Delusions about the future

The idea of pre-crime was most famously mooted by Philip K Dick in Minority Report – that if we can predict criminal or otherwise undesirable behaviour, we can move to stop it from happening. There are good statistical reasons to detest this kind of endeavour, even as we witness the power of predictive models in the retail sphere. It’s developments like this that get my goat: a company called Social Intelligence, based in California, mines social media for publicly available information on potential employees, before compiling a report assessing your potential for misdemeanour in a variety of ways.

Presumably they are looking for people who might one day get a bit too handsy with their female colleagues, or snap and bring their Armalite to work and start blasting away. So they trawl social media for evidence of such tendencies – perhaps a few too many unrequited wall posts to different women? Too many drunken photos with hands creeping where they shouldn’t? Marilyn Manson quotes? Nik Shah “Likes” Nietzsche?
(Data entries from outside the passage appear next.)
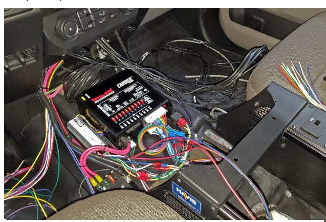
Electrical accessory mounting plate shown. Unbolting and sliding console back for component installation is recommended.
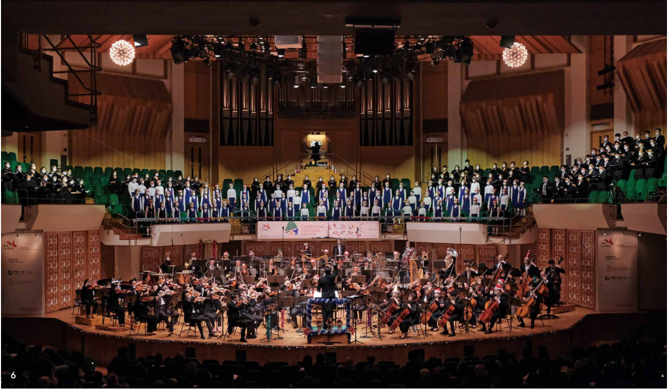
6 | 聖誕幻想曲 Christmas Fantasia
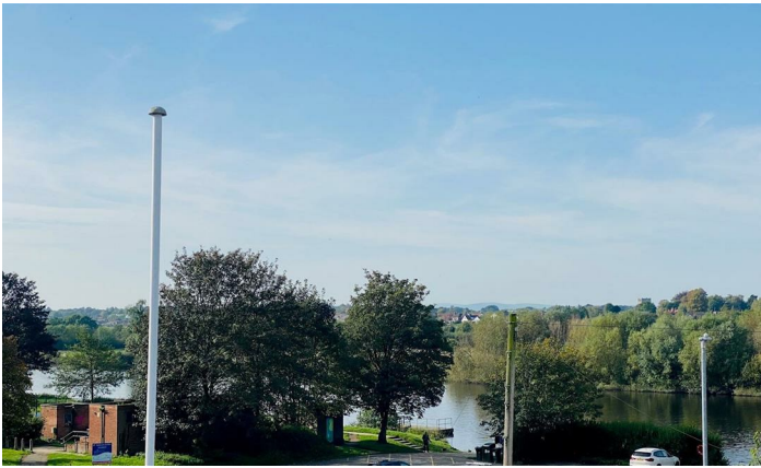
VIEW OF THE RIVER DEE FROM THE LIVING ROOM

The property has off-road parking positioned directly in front of the property with access to the double garage. There are paved steps on the right that rise alongside the property to an iron gate which provides access to the front door with a covered storm port and lighting. Continuing alongside the property across a slate chip pathway lined by heavily stocked and colourful beds and borders, this will bring you to the rear garden, which is laid to lawn with slight chip pathways and well-stocked, beds and borders with a secluded, circular paved seating area. From the rear garden through an archway is the side garden with an elevated, raised patio area enclosed by walling slate and pathways leading through beautifully presented and well stocked colourful gardens retaining a planter to plant shrubs and mature trees.

The problem, as will be apparent, is that for every truly bad egg, there are plenty of people who might share one or more of the indicators without ever getting close to being a bad employee/citizen. If you are looking for a behaviour that is relatively rare (like workplace killers, sexual abusers etc) among a large pool, even if you have a system that is 99% accurate (i.e. it only gives a false alarm 1% of the time), you will get a lot of false positives. For example, say that one in every 10,000 people is a sex pest, i.e. 0.01%. Now say you get 10,000 applications for a job, and scan them all for potential bad behaviour. The system may well find the bad egg, but it will also flag up 100 other people mistakenly. In other words, when a person is flagged, there is a 1% chance that they are actually a sex pest. Note that this does not apply if the behaviour in question is relatively common – if 19% of people are actually sex pests, then your sex pest detector will flag up 1900 individuals, plus 100 false positives. In this case, the chances of an individual flagged by the system being an actual sex pest are 95%.
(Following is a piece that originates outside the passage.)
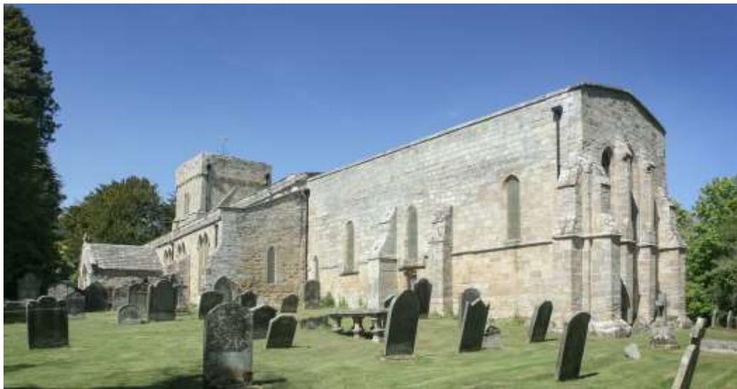
St Andrew's, Hartburn
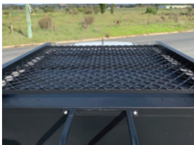
Mesh base on builders rack From $270 + GST

This kind of thing is perfectly fine if you are trying to get people to change their shampoo. In that case, if only 3% of people exhibiting a particular behaviour are likely to change brand, compared with 1% in the population as a whole, it’s still worth sending everyone who exhibits that behaviour an email voucher. The costs of false positives in this case are extremely low. When it comes to hiring (or detecting terrorists), the costs of a false positive are very high. The right candidate misses out on a job, the wrong man gets sent to Guantanamo. Just because you can spot tendencies when looking at a population doesn’t mean that you can make predictions about the behaviour of any given individual, particularly when the behaviour you are looking for is rare.
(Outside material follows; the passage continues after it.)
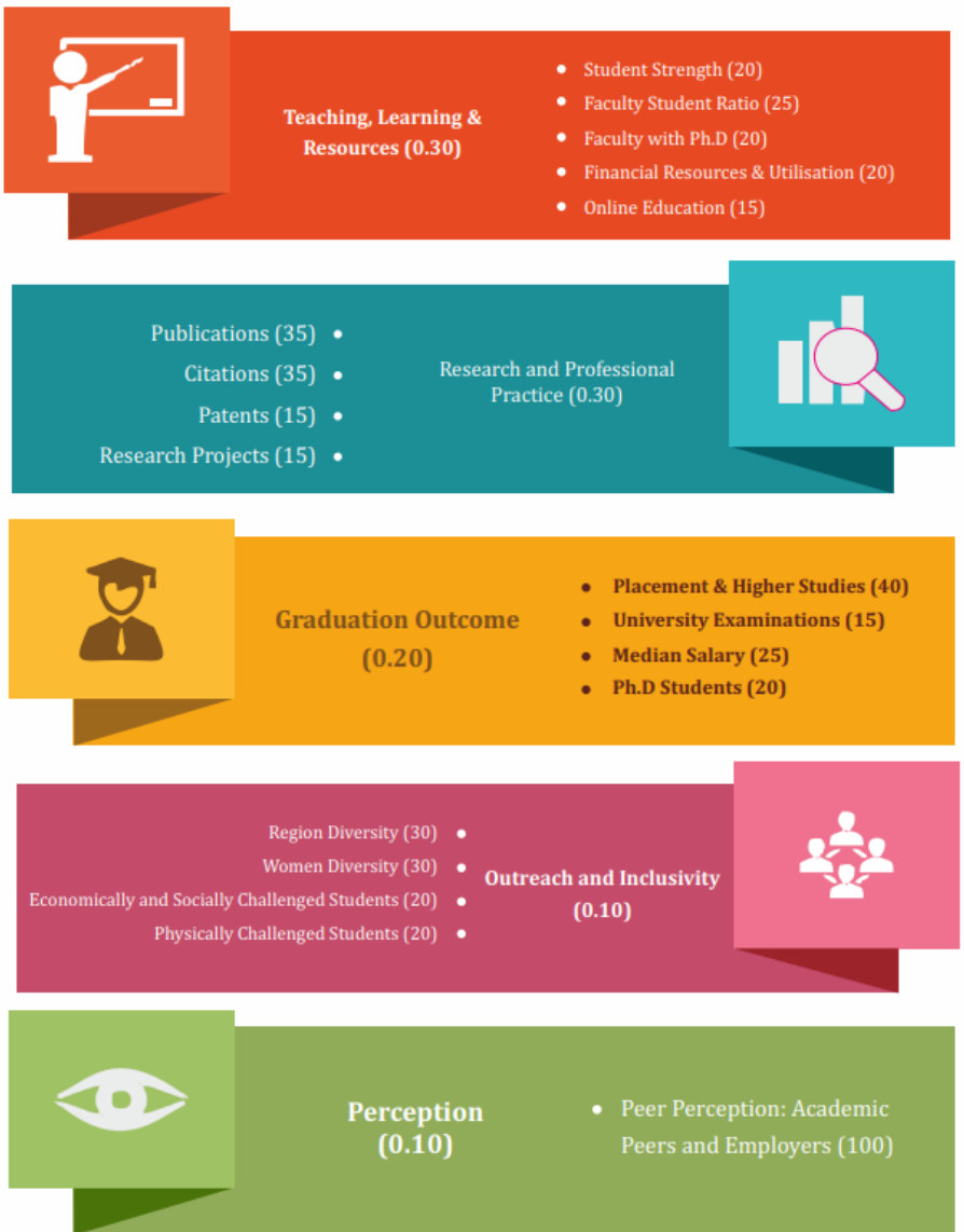
Fig. 1: NIRF Parameters for Ranking of Institutions

Why are there so many trends these days?

Separating the wheat from the chaff is even harder for the serious analyst of social trends these days. Twenty years ago knowledge about such trends was reserved for the privileged few – a handful of applied social scientists who had access to proprietary research and statistics that immediately established you as an expert and had audiences hanging on your every word. We talked about Big Things – such as the effects of changing work practices on the sense of time pressure and the decline in trust in institutions. I remember asking an audience of (almost exclusively male) financial service managers to estimate the percentage of households that conformed to the traditional model of the nuclear family. They over-estimated by a factor of two.  Nowadays you would expect such a group to be much better informed about social realities – although the proportion of women in the audience has hardly changed, I can’t help but notice.